Ultimately it doesn’t make a hell of a lot of difference in the end, you still have to deal with the awesomely crufty and awkward API that is OpenGL either way. :stuck_out_tongue:

It beggars belief how people can so thoroughly misunderstand OpenGL context management, still, after all these years. Though I suppose some people were about 6 years old when we first made LWJGL. One born every minute and all that.

Cas :slight_smile:

[quote=“gouessej,post:29,topic:39904”]
It wasn’t a design flaw, it was a design choice to keep the native window implementation simple. Multiple contexts have been supported for a long time through AWT. A lot of things will obviously change in the next major release, but the current architecture has worked pretty well for a lot of people.

[quote=“gouessej,post:29,topic:39904”]
What cost is that exactly? With JogAmp you need to pass GL instances around, whereas LWJGL uses a ThreadLocal to store context data. If you mean the TL access, that’s dirty cheap. Last time I checked, the method call overhead in LWJGL is lower than JogAmp on all GL calls. Mostly by a small margin, but JogAmp can be up to twice slower on GL calls that accept buffers (e.g. glGetInteger(GL_MAX_TEXTURE_IMAGE_UNITS, buffer)). Not that it matters at all for properly written GL code, except maybe on low-power devices.

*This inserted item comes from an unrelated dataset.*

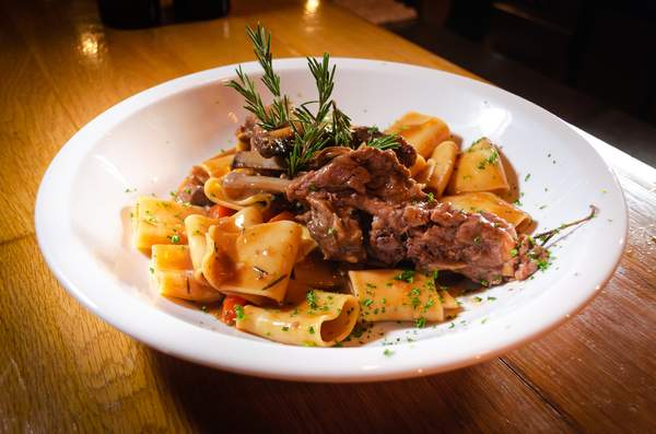 Pappardelle con carbo-crema mantecata con crema alla zucca, guanciale, semi di zucca e chips di zucca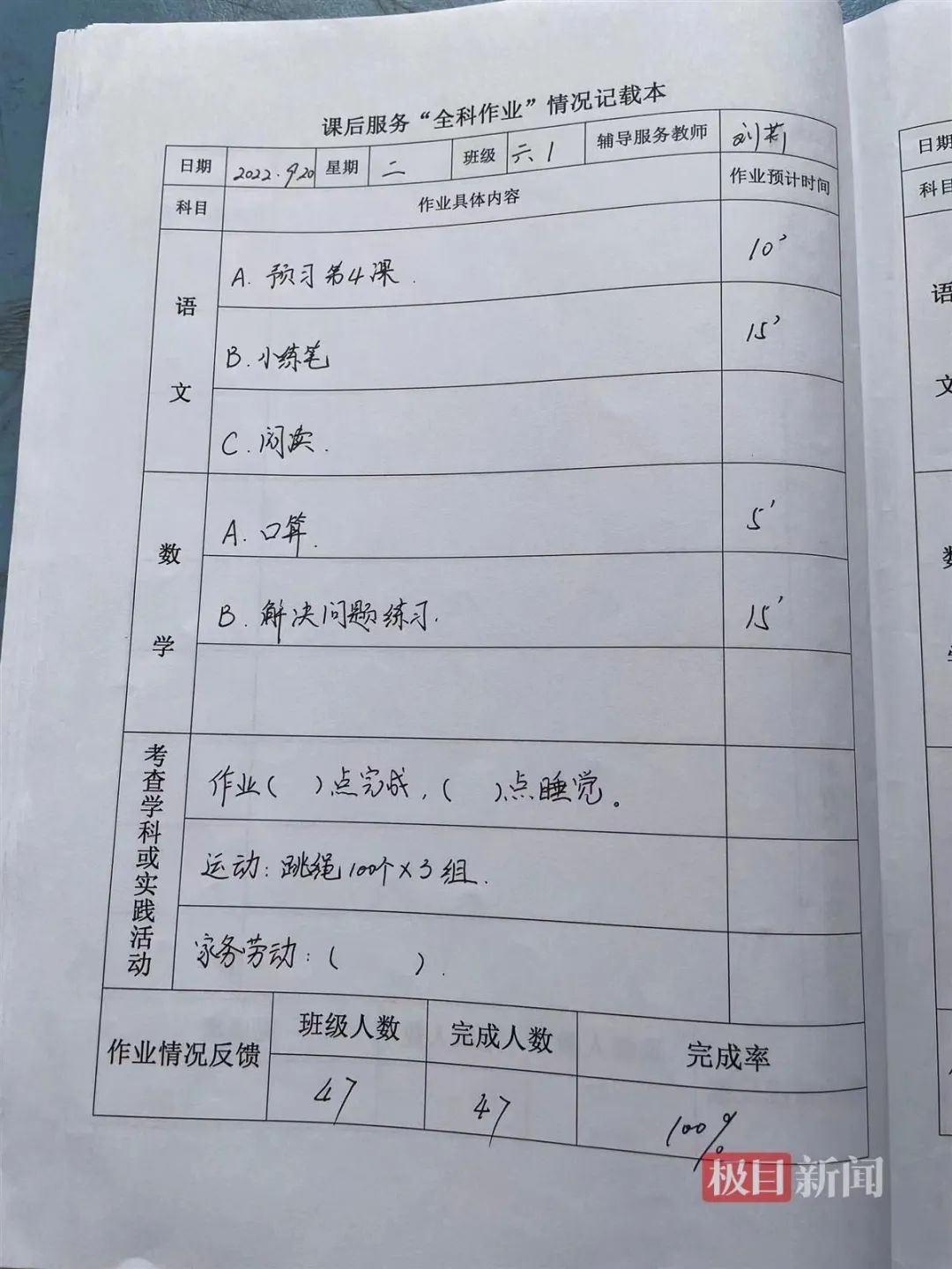 每天的课后服务时间,值班老师会对照“全科作业本”内容,辅导学生完成作业,并统计上报在校完成作业的人数和比例。“90%以上的学生能够在课后服务时间完成书面作业,个别拖延的学生,班主任会及时了解并帮学生分析原因。”刘老师说。

Slightly off-topic: the example on the ThreadLocal javadocs has a tiny bug: they used “uniqueId.get()” instead of “uniqueNum.get()”. Where do I report this?

I read that 3 times before I noticed the bug even after you’d said what it was! :emo:

Try http://bugs.sun.com/ - love they keep the Sun domain for broken stuff. :smiley:

[quote=“ra4king,post:38,topic:39904”]
It’s already fixed in the Java 7 docs.